Honestly, after breaking it down in such a manner, making the top 10 movie hacking failures, felt painfully general. It is like making a list of “top 10 animals that ever existed”. The state of technology portrayal in movies is frankly abysmal. It is obvious that the only people who know less about tech than “hollywood” are the people making laws about it.
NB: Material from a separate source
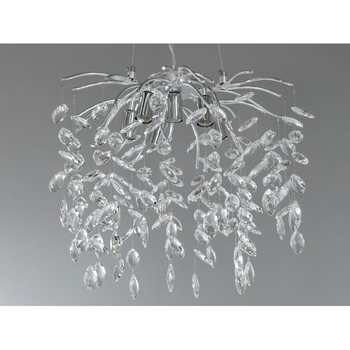Люстри сучасні, як ця, стають не просто джерелом освітлення, а справжньою прикрасою приміщення. Плавні лінії хромованої конструкції на тросах забезпечують елегантність цьому висококласному освітлювальному приладу, а прозорі кришталі відтворюють неповторний візерунок на стінах і стелі, коли світло проходить крізь них.

So, lets take a look at this list and see what we ended up with.

10.  The Core

There’s a scene where they have to get through a door and it won’t budge. To open it, they’re going to have to crack into the control panel and hotwire the the thing. What do they find inside? A breadboard.  Ok, well, we all know that in that environment, you wouldn’t be finding any breadboards. Then again, I’ve seen some duct taped together networks in large corporations that might convince me that this one isn’t a failure at all.

9. Jurassic Park

I’ve heard so many people point out this scene as a failure, and it is usually for the wrong reason all together. The young woman sits down at a computer and announces to everyone “hey, I know this, it is unix!”, while the camera switches to a 3d rendering that looks like a physical layout of a neighborhood.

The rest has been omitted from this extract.